The last NASA mission in which its astronauts set foot on the Moon dates back to Apollo 17, which took place between December 7 and 19, 1972.

During the 42-day mission, NASA is looking to test the Space Launch System (SLS) rocket, which is powered by four RS-25 engines and two tethered boosters, features that offer 15% more power than the rocket. Saturn used on Apollo missions, NASA said.

The SLS rocket cost NASA about $4 billion.

In the same way, we will measure the capacities of the Orion ship, in which can accommodate up to four crew members, one more than the Apollo, and with reserves of water and oxygen which would allow it approximately 20 days of independent travel.

Two hours after this launch, and after separating from the SLS rocket, Orion will continue on its own a journey that will cover a total of 2.1 million kilometers.

The spacecraft, with three mannequins on board collecting data to help future crews, will fly close to the Moon, about 62 miles (nearly 100 km) from its surface, then enter a distant lunar orbit where it will eventually immobilize. more than 61,000 kilometers from the earth satellite, that is to say where no other crew capsule has arrived.

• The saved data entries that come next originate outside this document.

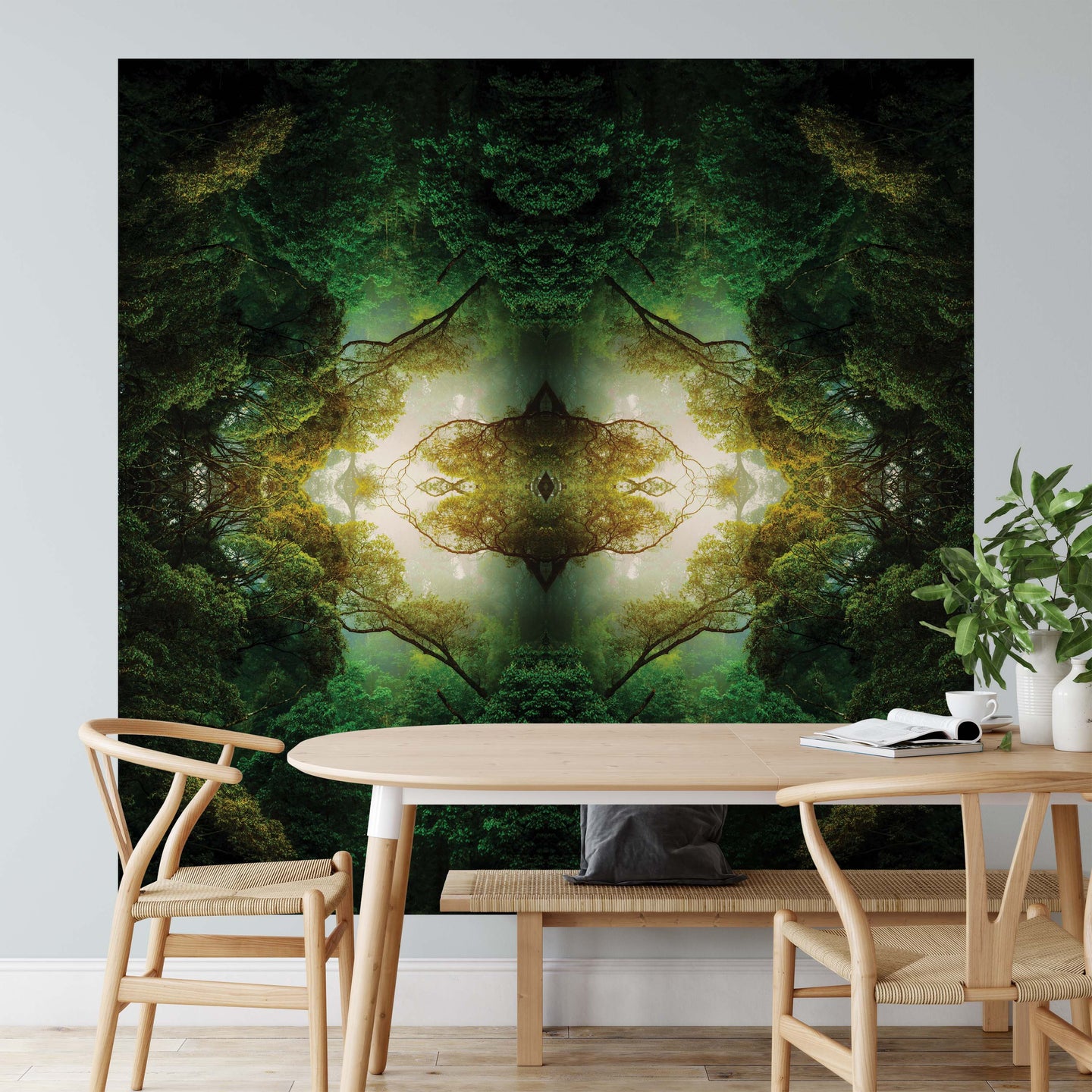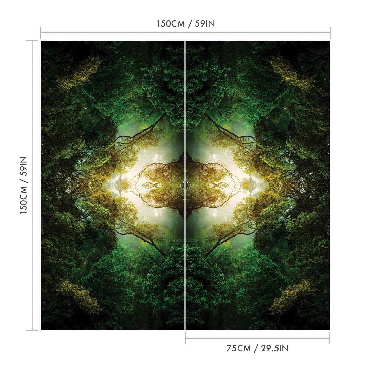 Create an epic focal point in your room, with the fully self-adhesive wallpaper mural: 'Forest Depths'. Each wallpaper is available in a choice of 2 sizes; 150cm x 150cm (XL) or 200cm x 200cm (XXL), and is supplied in 2 self-adhesive pieces. Install on your wall in less than 15 minutes. For each item sold, one tree is planted. This helps to offset carbon released during production and shipping, and to create a net positive contribution over the tree's lifetime. Transform your home, and our planet.
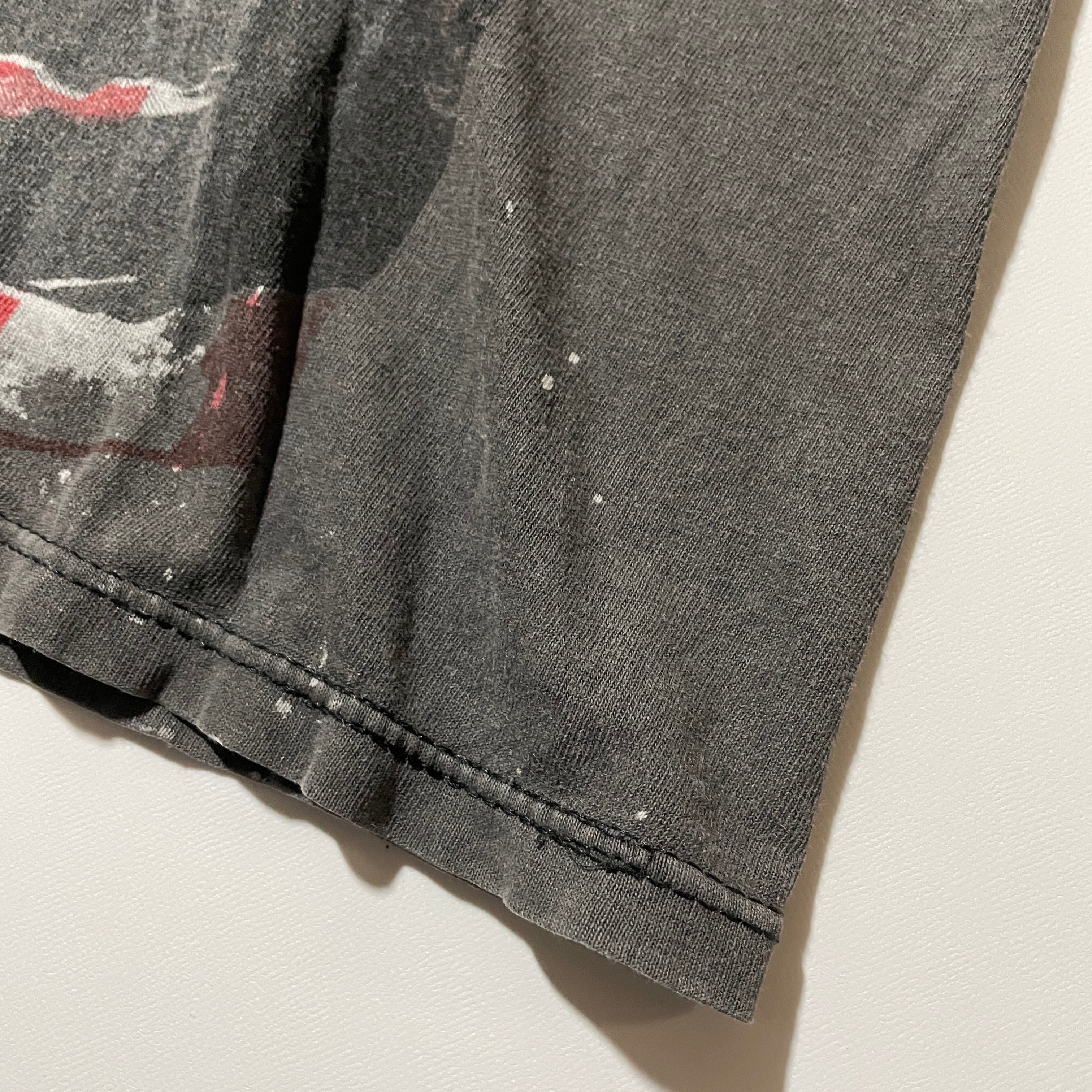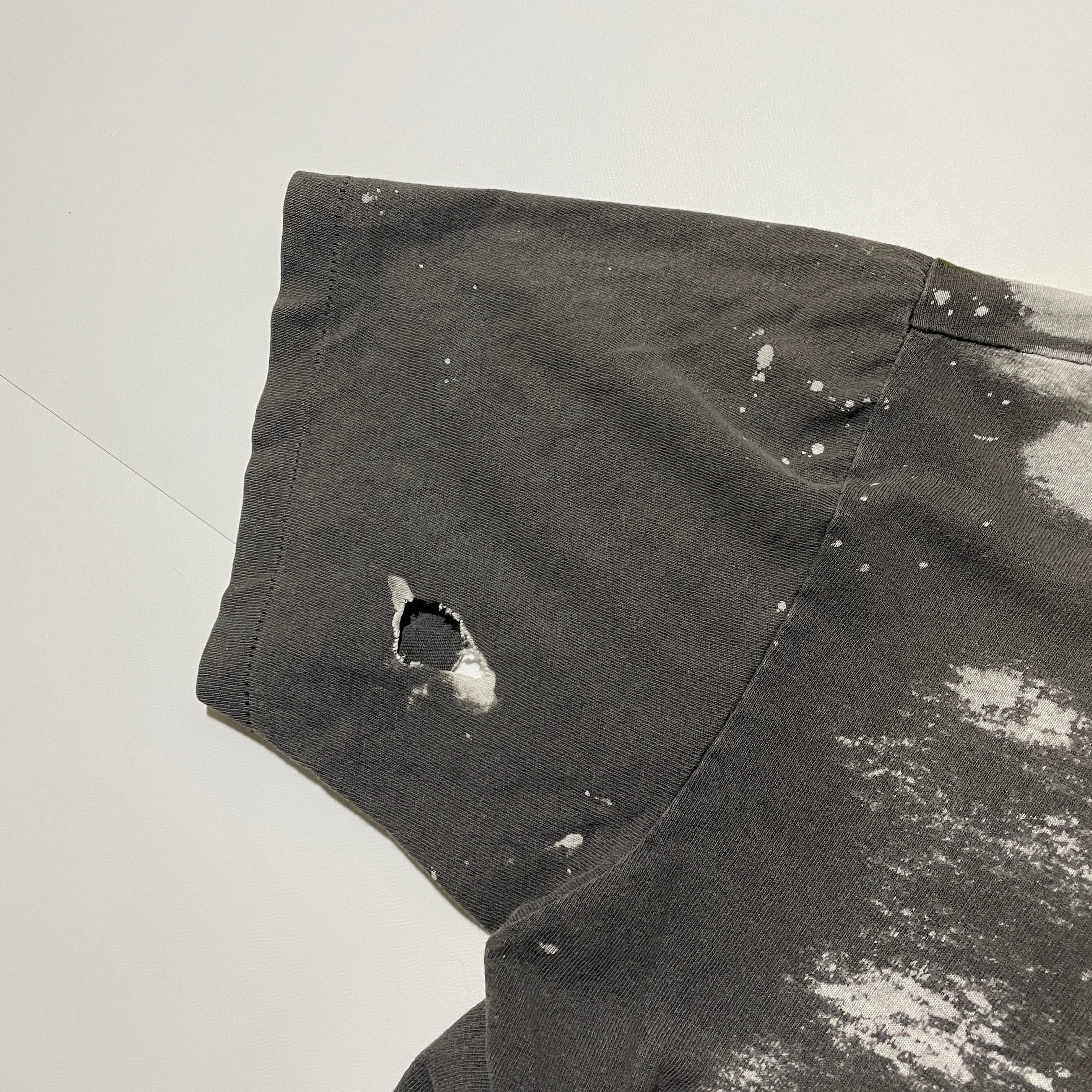 ブリーチされたボディに大判のシルクスクリーンを使い何重にも手作業で重ね刷りされたTシャツで映画から音楽まで数多くのアイテムが存在します。
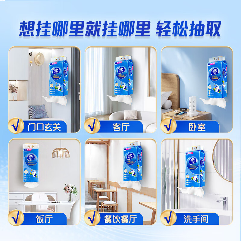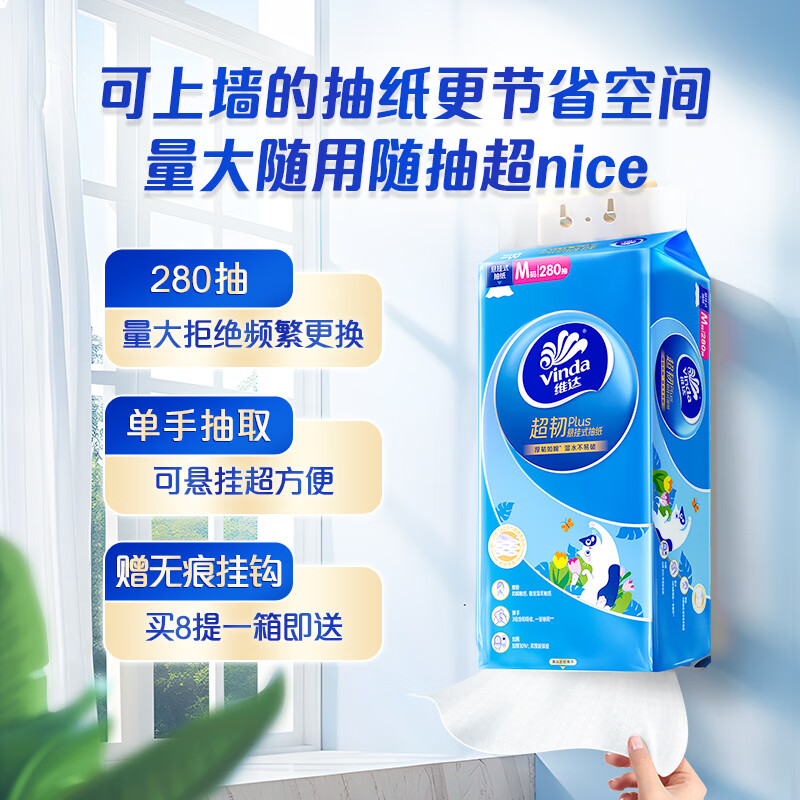 维达(Vinda)抽纸 超韧Plus挂抽3层280抽*8提M码 悬挂式猫咪款纸巾整箱

Also traveling with Artemis I are ten mini research CubeSats, each the size of a shoebox, which will be deployed to take various trajectories after Orion departs for its lunar orbit.

Among the CubeSats is the LunaH-Map, a small spacecraft that will produce a detailed map of portions of the lunar surface using neutron spectroscopy technology.

On his return, another tough test awaits Orion, such as a successful descent off San Diego, California (USA), with the support of eleven parachutes and in which he will have to quickly slow down to 40,000 km/h. with which it will reach the Earth’s atmosphere, at which time it will withstand up to 2,760 degrees Celsius in temperature.

A esta misión le seguirá, en 2024, la primera tripulada del programa, la Artemis II, que hará el mismo trayecto, y se espera que con Artemis III, predictably in 2025, toquen suelo lunar la primera mujer y hombre de color que viajen a the moon.